Допустим, она частенько крутится возле него после того случая, как он заставил одного старшеклассника прекратить распускать слухи о том, что у нее месячные начались еще в восемь лет. И что с того, что у нее грудь вываливается из лифчика? У всех девчонок когда-нибудь она вырастет. К тому же, как казалось Джеку, от нее одни неприятности — наверное, она бьет по подбородку, когда бежишь на время или определенную дистанцию.
— Тили-тили тесто, Джек с Рэчел… — запел Ральф.
— Заткнись! — Джек вырвал карточку с Кунцем из рук Ральфа.
— Ты чего?
— Мне Рэчел Ковингтон не нравится, понятно?
— Да ладно тебе! — пробормотал Ральф.
Неожиданно дверь отворилась. Корасон, кухарка и экономка в одном лице, уперев кулаки в толстые бока, сердито взглянула на мальчишек.
— Вылезайте! — приказала она. — Мне нужно убирать.
Они выскочили из своего укрытия, прихватив коробочки с бейсбольными карточками. Джей-Ти с Ральфом толкали друг друга локтями, когда шли по коридору.

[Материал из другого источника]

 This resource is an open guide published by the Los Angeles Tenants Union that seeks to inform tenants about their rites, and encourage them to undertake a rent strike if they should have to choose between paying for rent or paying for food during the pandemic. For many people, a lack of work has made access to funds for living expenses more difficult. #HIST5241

— У меня нет невесты! — крикнул им вслед Джек и так сильно сжал в кулаке карточку с Расти Кунцем, что она сломалась.
Оказалось, что Корасон не только, как обычно, подметает и пылесосит дом. Звонила мама Джека и предупредила, что ждет гостей. Джек сидел на табурете, наблюдая, как мексиканка терзает кусок теста на разделочной доске, и представлял, что это лицо Ральфа.
— Если хочешь есть, — сказала мексиканка, — отрежь себе хлеба.
— Я хлеба не хочу.
— Нет? Тогда чего ты уставился на тесто, как голодный?

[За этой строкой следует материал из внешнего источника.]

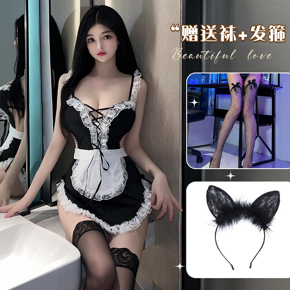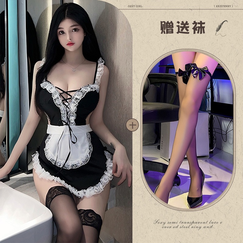 ランジェリーセクシーストラップレース誘惑メイド服紐付きいたずらメイド役制服

Джек поставил локти на стол.
— Просто тоже хочу что-нибудь отмутузить.
Корасон придвинула к нему кусок теста.
— Прошу! — Она вытерла руки, оставив на фартуке бледно-желтые следы. — Что-то Джей-Ти с Ральфом убежали как ошпаренные.
Джек пожал плечами.
— Они неудачники.
— Неужели? Еще сегодня утром ты не мог дождаться, пока они придут. — Она обхватила ладонями руки Джека, и они стали вместе вымешивать тесто. — Вы поссорились?

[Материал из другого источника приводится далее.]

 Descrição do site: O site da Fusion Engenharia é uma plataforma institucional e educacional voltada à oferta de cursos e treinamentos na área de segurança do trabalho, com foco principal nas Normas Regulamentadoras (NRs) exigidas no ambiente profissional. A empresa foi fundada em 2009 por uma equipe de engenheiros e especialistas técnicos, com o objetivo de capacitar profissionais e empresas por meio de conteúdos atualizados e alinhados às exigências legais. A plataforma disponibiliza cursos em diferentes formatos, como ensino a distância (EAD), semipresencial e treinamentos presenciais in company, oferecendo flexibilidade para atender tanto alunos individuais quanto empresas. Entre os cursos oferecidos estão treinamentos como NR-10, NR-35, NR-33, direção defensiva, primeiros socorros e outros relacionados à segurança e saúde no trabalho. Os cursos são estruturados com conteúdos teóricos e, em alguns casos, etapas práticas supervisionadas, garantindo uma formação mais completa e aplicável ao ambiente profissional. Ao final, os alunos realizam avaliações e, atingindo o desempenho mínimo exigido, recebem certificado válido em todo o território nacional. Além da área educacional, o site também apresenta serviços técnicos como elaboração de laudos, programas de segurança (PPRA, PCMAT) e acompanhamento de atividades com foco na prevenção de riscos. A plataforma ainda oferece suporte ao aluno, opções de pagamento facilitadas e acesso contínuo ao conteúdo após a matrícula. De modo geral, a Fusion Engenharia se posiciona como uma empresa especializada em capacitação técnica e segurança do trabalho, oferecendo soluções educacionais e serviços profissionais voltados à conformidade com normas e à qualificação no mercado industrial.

— Рэчел Ковингтон мне не нравится. То есть я хочу сказать, что она мне нравится, но… но я ее не люблю. Я вообще девчонок не люблю.
— Они тебя дразнили?
— Я просто за нее заступился, потому что она не могла за себя постоять.
— Тогда ничего удивительного, что она запала на тебя, амиго.
Джек подпер щеку ладонью, не обращая внимания на то, что руки в муке.
— Кора, почему девчонки так себя ведут? Почему нельзя просто поблагодарить и все?
Корасон улыбнулась.
— Ты знаешь, как твоя мама составляет список тех, кому следует отправить открытку на Рождество? Она посылает их людям, которые присылают открытки ей, и с каждым годом этих людей становится все больше.
— Да уж, — пробормотал Джек. — А мне приходится облизывать эти чертовы марки!
— Следи за своими выражениями! — предупредила она. — Понимаешь, так и любовь. Один раз проявишь внимание, даже мимоходом, и ты навсегда в ее списке.
— А если я не хочу посылать Рэчел открытку в ответ?
Экономка засмеялась.
— Никогда не знаешь, что будет. Может, она все равно будет их присылать. А может, однажды пробежит список глазами и вычеркнет тебя.
— Я не хочу, чтобы она в меня влюблялась, — прошептал Джек. — Я скажу ей, чтобы перестала.
— Можешь сказать, но это ничего не изменит.
Джек ткнул кулаком в тесто.
— Почему?
— Потому что это ее сердце и только ей выбирать, кого любить, — ответила мексиканка.
Не было ничего удивительного в том, что Анна-Лиза Сент-Брайд брала под свое крыло и приводила в дом очередную «несчастную» в чулках и на высоких каблуках, которую отбила у сутенера на Седьмой авеню. Часто женщины приезжали в пентхаус с разбитой губой или сломанным носом, окутанные стыдом так же плотно, как и дешевым пальто, которое было на них надето. Около недели они жили в доме Сент-Брайдов, а потом появлялись из гостевой комнаты в джинсах и хлопчатобумажной рубашке; волосы, стянутые сзади в пучок, открывали заживающее лицо без грамма косметики. Джека всегда удивляли эти трансформации. Приходили старухами, а оказывались девушками-подростками.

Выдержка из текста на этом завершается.